KellySt@aol.com wrote:
>In a message dated 12/4/97 9:27:13 PM, kuo@bit.csc.lsu.edu wrote:

>>KellySt@aol.com wrote:
>>>In a message dated 12/1/97 7:50:01 AM, kuo@bit.csc.lsu.edu wrote:

>>>>You can say Forwards pure sail system is also "simple brute force tech".
>>>>Actually, it requires much less technology than this "fuel/sail" idea.
>>>>It doesn't require exotic fusion technology.

>>>However the drop sail/reflector had serious problems and would probably not
>>>be able to function, much less acuratly target and decelerate the ship.
>>> Which is why we droped it from consideration a couple years ago.

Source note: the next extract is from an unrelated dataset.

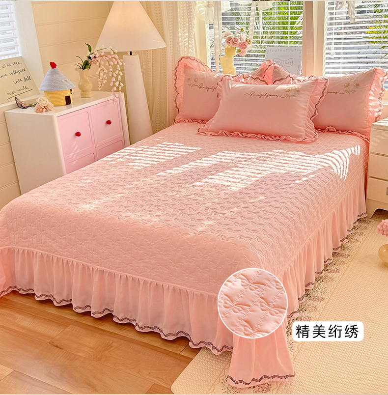 漫布云2026秋冬新款11斤230g全消光牛奶绒夹棉床盖款四件套纯色蕾丝花边刺绣床裙款床盖,蝶恋花-梦幻紫, 蝶恋花-嫩黄, 蝶恋花-新芽绿 ,蝶恋花-婴儿蓝 ,蝶恋花-樱花粉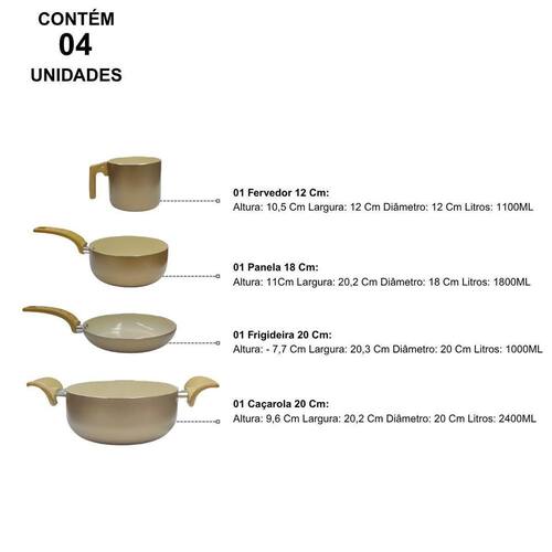 01 fervedor 12 cm: ideal para líquidos, chás e pequenas porções. Capacidade: 1100 ml. 01 panela 18 cm: perfeita para molhos, arrozes e preparos do dia a dia. Capacidade: 1800 ml. 01 frigideira 20 cm: antiaderente, ótima para omeletes, grelhados e refogados. Capacidade: 1000 ml. 01 caçarola 20 cm: versátil, excelente para sopas, ensopados e cozidos. Capacidade: 2400 ml.

>>The technical problems with Forward's pure sail system are dwarfed by
>>the technical challenge of building the astronomical beam emitter
>>system in the first place.

>Not really, the latter is just a question of scale.  We could certainly build
>it, we just could afford it.  Forwards system is probably technically
>impossible regardless of cost.

It's not just a question of scale.  The emitter system has to roughly
keep "flat", and it's inconceivably huge (the emitter for the
deceleration leg must fire its beam over interstellar distances).
If you can create that interstellar beam emitter system at all,
the rest seems like child's play.

>>>So was the Sat-V concept at the time.  But I agree the scale and its implied
>>>cost are critical problems.

>>No it wasn't.  It's only a couple orders of magnitude larger than its
>>predecessors.

>At the time it was proposed and designed our best boosters were failing to
>lift 30 pound objects to orbit.  The Sat-v was rated at 220,000 pounds to
>orbit.  4 orders of magnitude performance boost out of the same integrated
>system.  (I'm assuming you don't consider the "only a couple orders of
>magnitude" larger?)

Comparing oranges to apples.  Our "best" boosters weren't rated at only
30 pounds--they were just trying to fly them with those small paloads.
Actually, at the time our boosters _had_ put objects in orbit (I'm
talking about the Soviets--they're humans too).

>The sail systems could just use fleets of (hopefully by then) 'standard'
>orbital microwave power sats.

Yes, it's technically possible.  However, the many orders of magnitude
in scale needed to get up to an interstellar beam emitter is just
implausible in the next decades.

>>You did not.  You didn't even read my modified design (much less
>>understood it).

>>As I stated it, the power requirement was reduced by two orders of
>>magnitude.  If you want to dispute it, then at least read the
>>details to my modified design.

>I did, and responded a couple weeks back.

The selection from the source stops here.